In quanti modi non è stata declinata, nelle lettere sudafricane, la vicenda dell’apartheid? Non solo, mentre la segregazione era in atto, da autori e autrici dissidenti – soprattutto bianchi nella narrativa e neri nella poesia – ma anche dopo il 1994. L’apartheid è stata una ferita troppo profonda, e durata troppo a lungo, per non necessitare di una complessa elaborazione, anche da parte delle generazioni che ormai non hanno vissuto di persona il sistema politico della discriminazione. Non avrebbe potuto non essere un’onda lunga. Nemmeno una Commissione per la Verità e la Riconciliazione poteva bastare.
«La Commissione ci ha messo un cerotto sopra, ma senza guarirla – dice l’autrice di questo bel romanzo –. E la ferita con l’andar del tempo si è infettata. La Commissione non è penetrata nella società. Da parte mia, osservo il razzismo domestico, non quello di Stato». Yewande Omotoso in effetti non si addentra in analisi politiche o storiche. Si “limita” a raccontare una storia, ambientata in un microcosmo non casuale, con due coprotagoniste che rimangono fedeli al proprio carattere fino alla fine, anche se con un germoglio di cambiamento sorprendente. Tanto più se si considera che le due sono ultraottantenni e l’una è bianca (Marion) e l’altra nera (Hortensia).

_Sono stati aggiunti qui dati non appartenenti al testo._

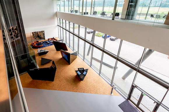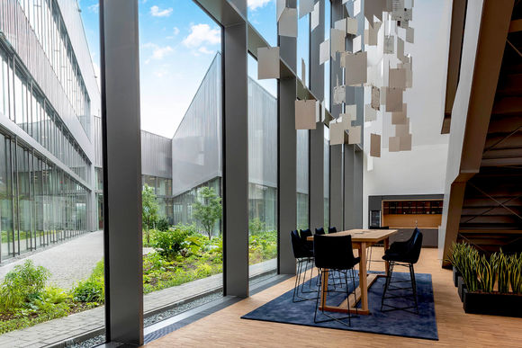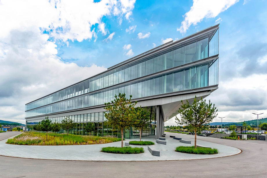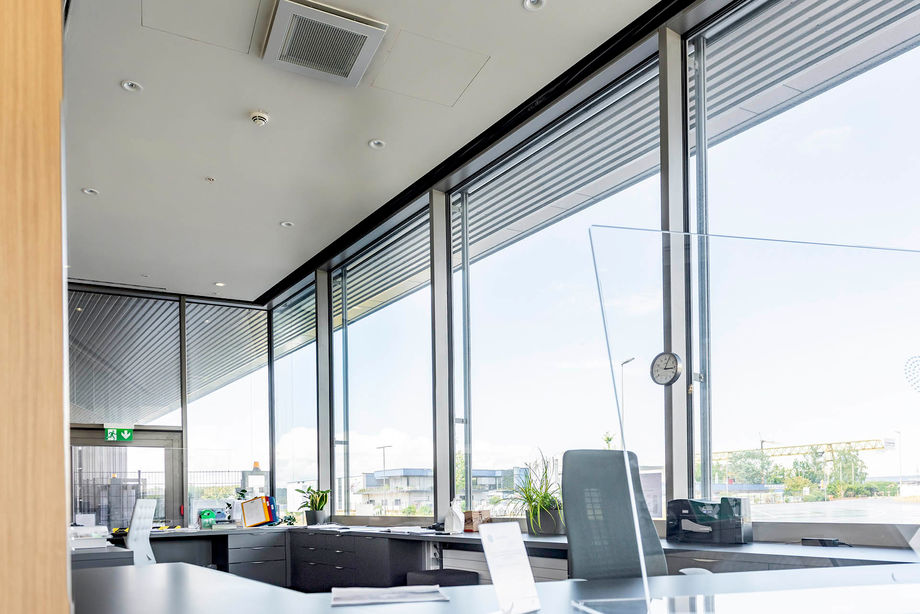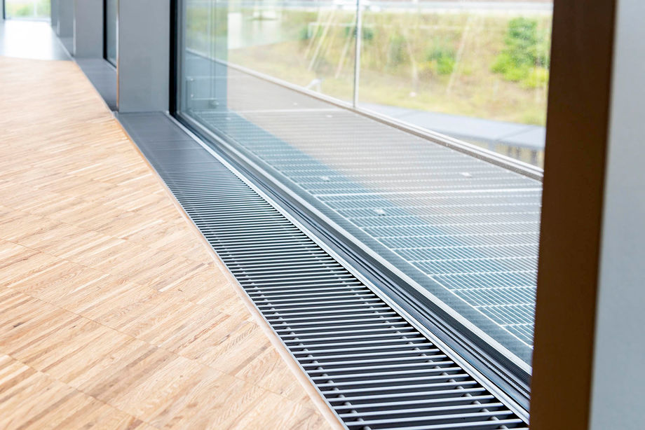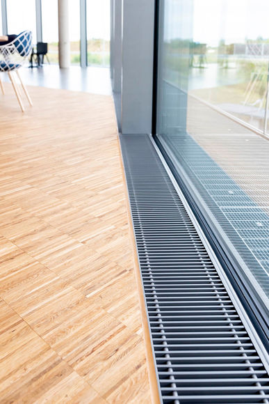 First and foremost, they fitted special width Katherm QK trench heaters. The arrow-shaped, largely glazed administration building is the ideal place of use for the Katherm unit with its whisper-quiet EC tangential fan. The unit can be customised to requirements: mitred corners, curved units, column cut-outs, chamfered ends – all shapes are possible.
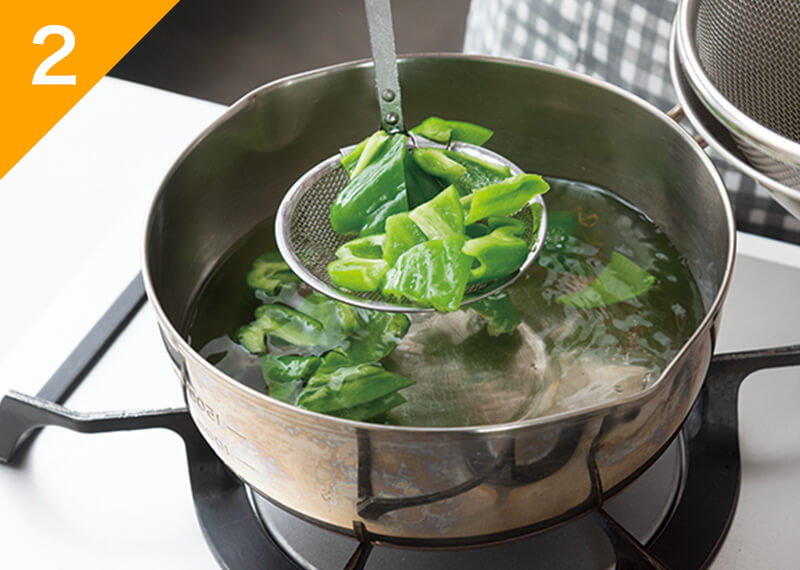 鍋に湯を沸かし、塩を一つまみ(分量外)を加え、(1)のピーマンを10〜15秒ほど湯通しする。
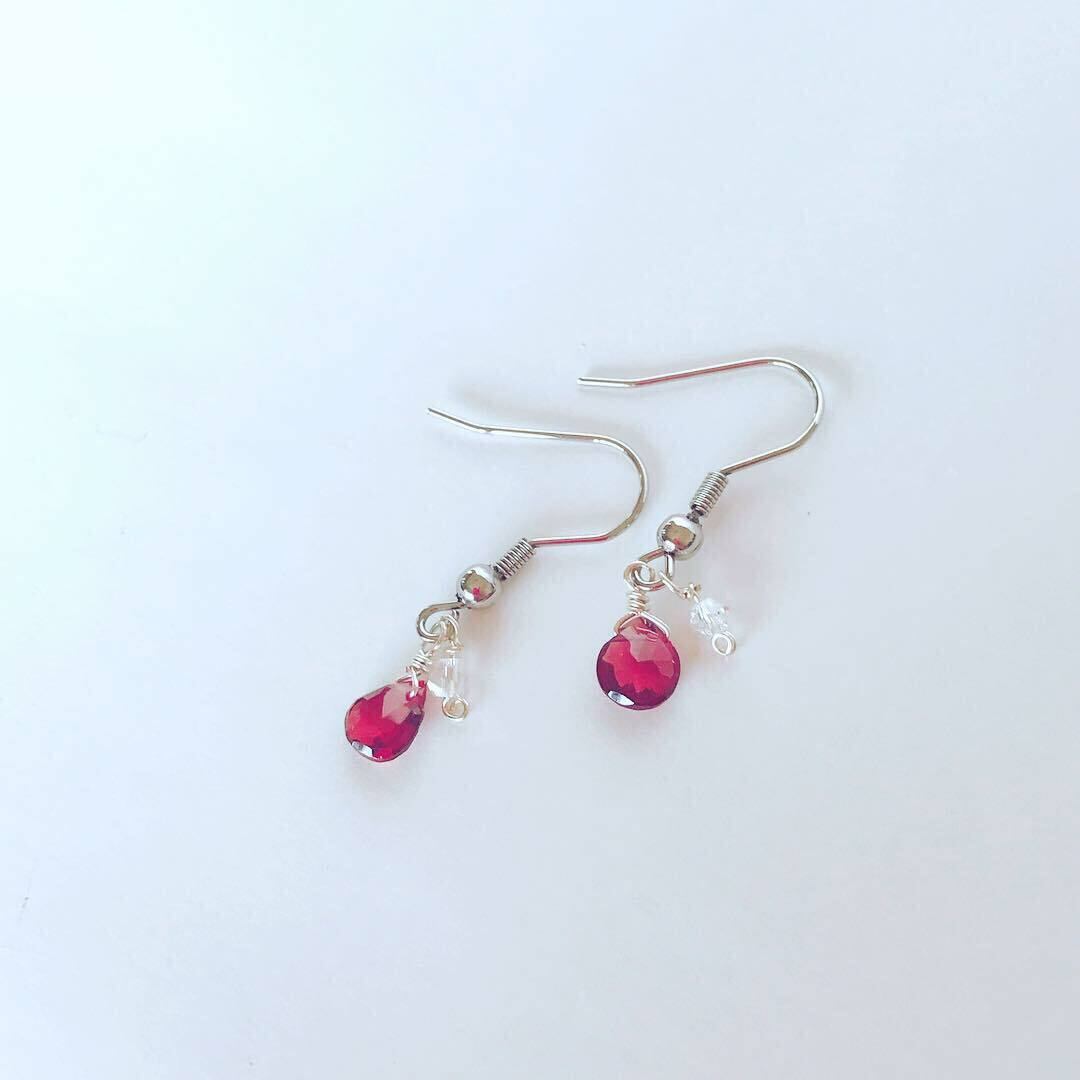 ちいさいながら存在感のある、ガーネットのピアスです。
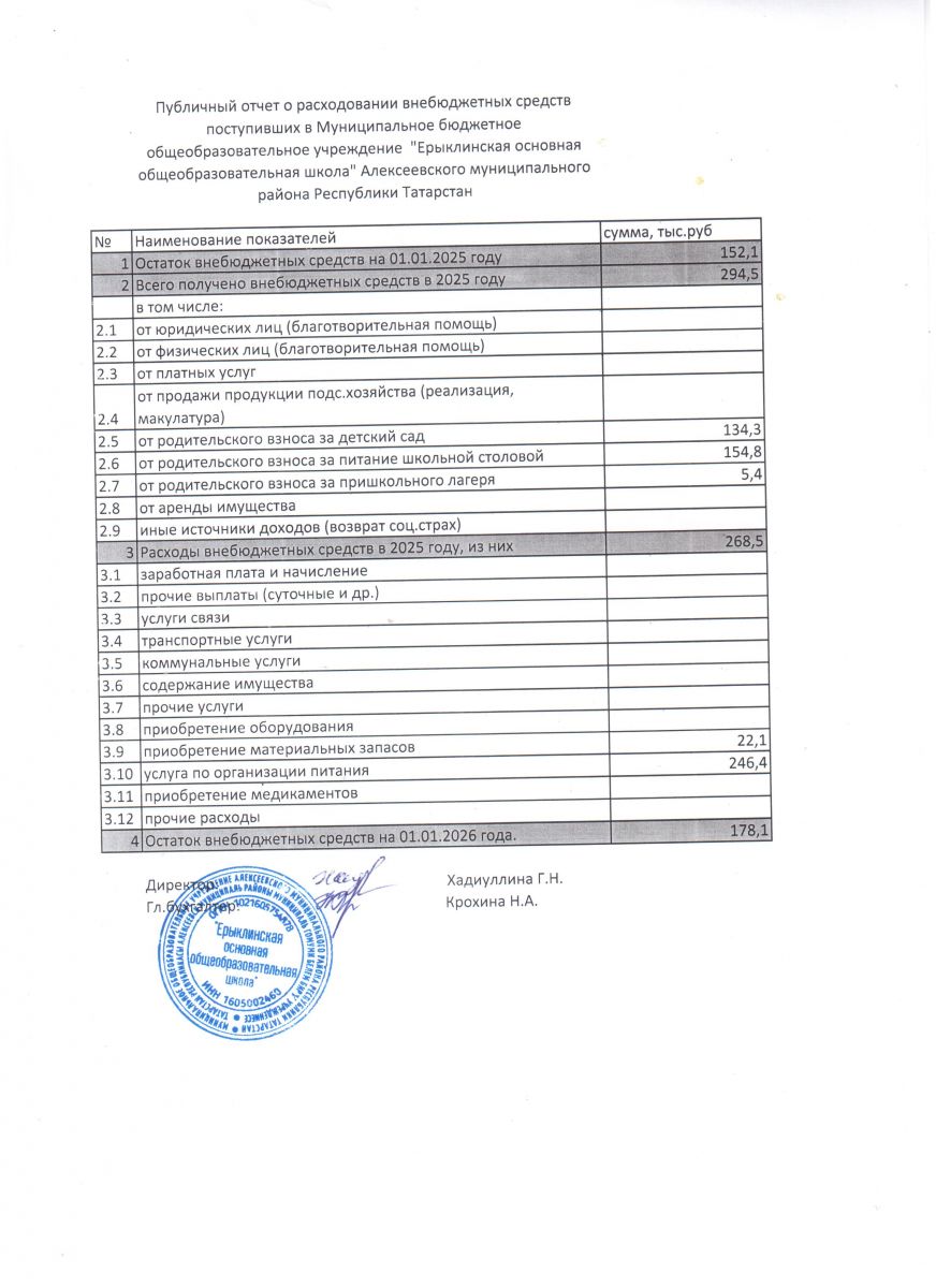 ►Публичный отчёт о расходовании внебюджетных средств 2025 год
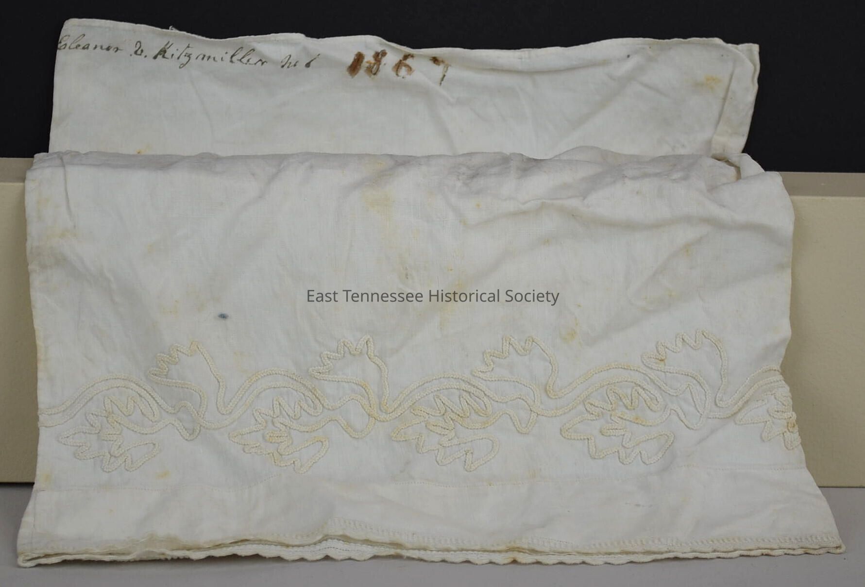 Leg from lady's drawers, machine sewn, braid work in vining leaf design 2" up from bottom edge, machine-sewn French seams and narrow braid-and-lace edging on bottom edge, "Eleanor V. Kitzmiller wed 1867" written in cursive on right side by seam, handmade/probably by Eleanor V. Bachman Kitzmiller, c. 1866-67.
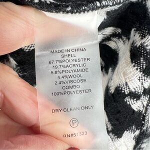 Women’s Size: XLarge: Pit/Pit:25”……Sleeve:20”……Top/Bottom;29”…….Vince Camuto Black/White Houndstooth Fuzzy Flannel With Faux Leather Trim, Oversized, , Button Down Front Shacket, Jacket. New with Tags. A…..929/021726…..tags# office wear, flannel, cozy, outerwear, houndstooth, oversized, Vince Camuto, weekend brunch
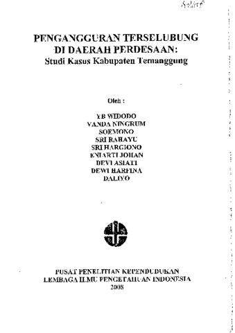 YB Widodo and Vanda Ningrum and Soemono and Sri Rahayu and Sri Hargiono and Eniarti Johan and Devi Asiati and Dewi Harfina and Daliyo (2008) Pengangguran terselubung di daerah perdesaan : Studi kasus Kabupaten Temanggung. Lembaga Ilmu Pengetahuan Indonesia, Jakarta.
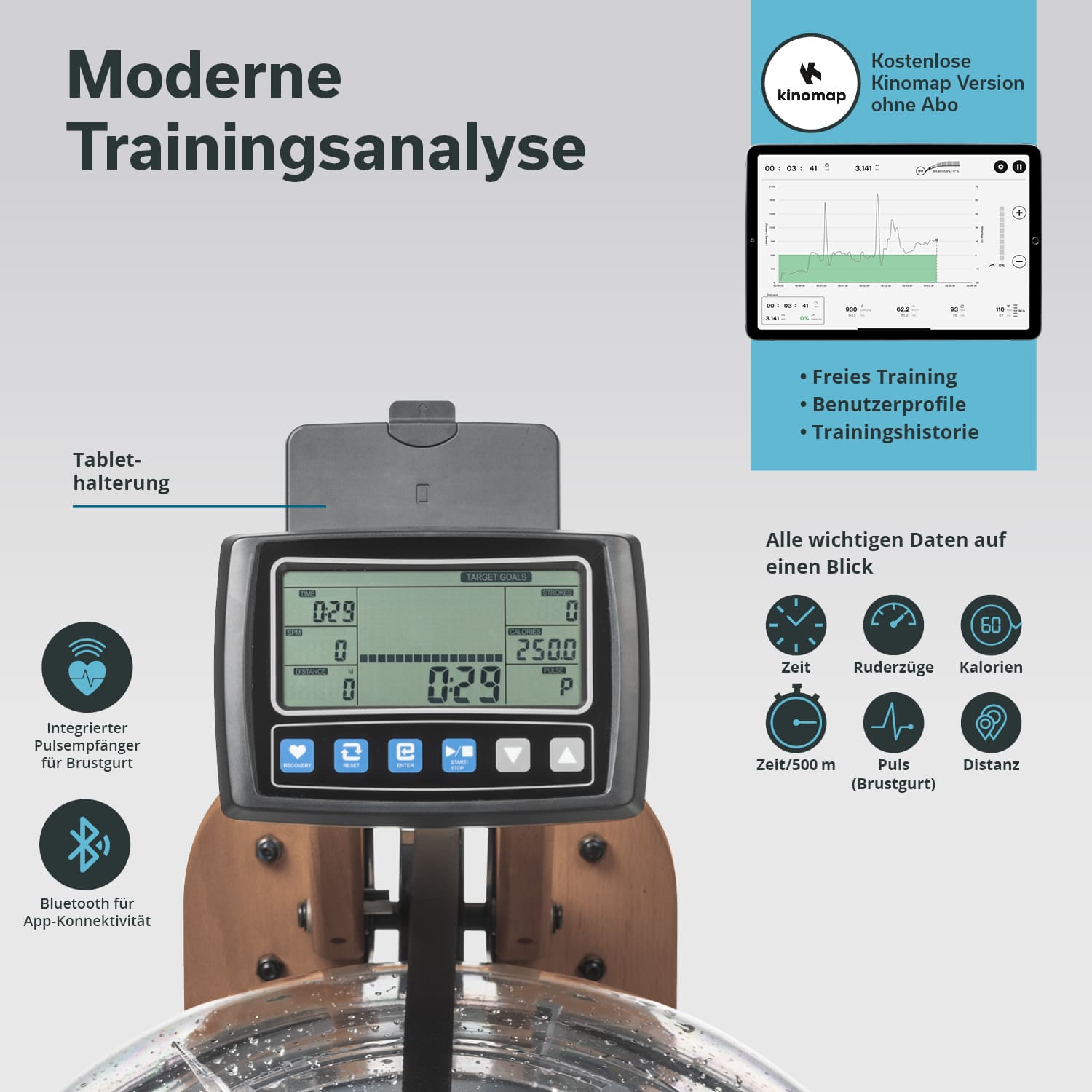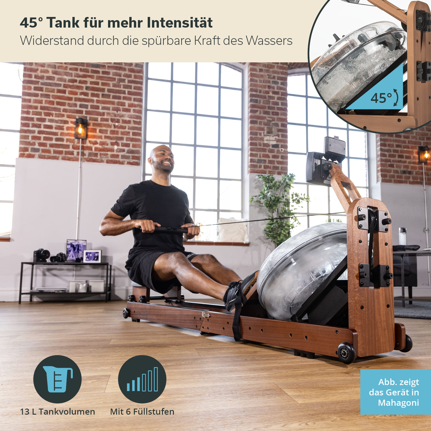 Durch die 45 Grad aufgestellten Ruderblätter wird ein größerer Widerstand erzeugt, der sich in den Trainingsergebnissen widerspiegelt. Das harmonische Trainingsgeräusch des Wassers schafft eine natürliche Atmosphäre und die geschmeidige Bewegung führt zu einem fließenden Trainingsablauf.
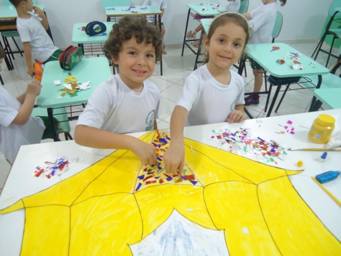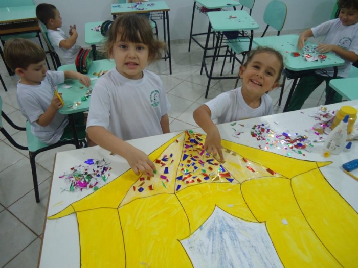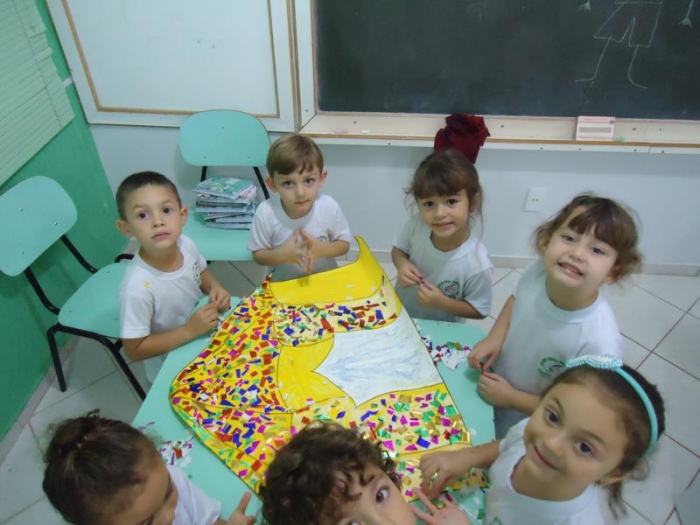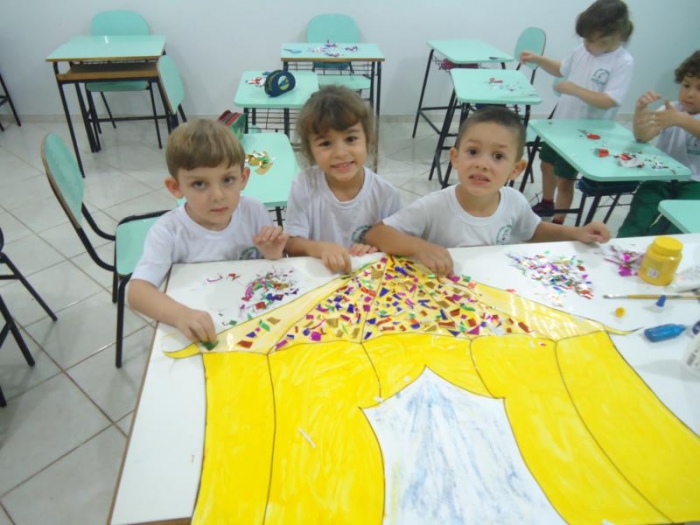 Os alunos se divertiram muito recortando, colando e pintado utilizando as mãos.

Il microcosmo è quello di un quartiere residenziale di Città del Capo, una quarantina di abitazioni, popolato da soli bianchi. Finché, un giorno del 1994, non vi trasloca Hortensia: una donna benestante, senza figli, venuta dalla Nigeria col marito inglese. La nuova arrivata non risparmierà le sue frecciate a Marion e alla comunità “pallida” che la circonda, la quale si guarda bene dallo spalancarle le porte («Per Marion i neri erano dappertutto, anche troppi»), se non quelle di un «comitato» che è una sorta di assembla di condominio. Ma se la franchezza di Hortensia sorprende e fa riflettere il lettore, non la rende automaticamente un’eroina. Perché questa donna ostenta una simile corazza? Un incidente che coinvolge entrambe le loro case confinanti obbligherà le due donne a una pur faticosa condivisione di vita. «Il muro è ciò che li separa ma anche quel che permette loro di comunicare» è l’azzeccata frase di Simone Weil che l’autrice pone a esergo del suo romanzo (il primo che esce in italiano, ma non è il suo esordio letterario). Insomma una riflessione sul razzismo (e non solo: per esempio anche sulla condizione femminile) intessuta sul filo di vicende private che sono il precipitato di una storia assai più vasta.
Una parola sull’autrice, che è anche poetessa. Nata alle Barbados, portata in tenera età in Nigeria (il padre è yoruba), ha seguito la famiglia a Città del Capo nel 1992, quando aveva 12 anni – un’età sufficiente per essere consapevole del cambio di ambiente. È diventata architetto e risiede oggi a Johannesburg. Dunque un’identità itinerante (è anche tornata in Nigeria per approfondire la lingua paterna), che non le crea imbarazzo ma che l’ha, anzi, probabilmente aiutata ad assumere quello sguardo personale sulla società sudafricana che esprime nella sua scrittura.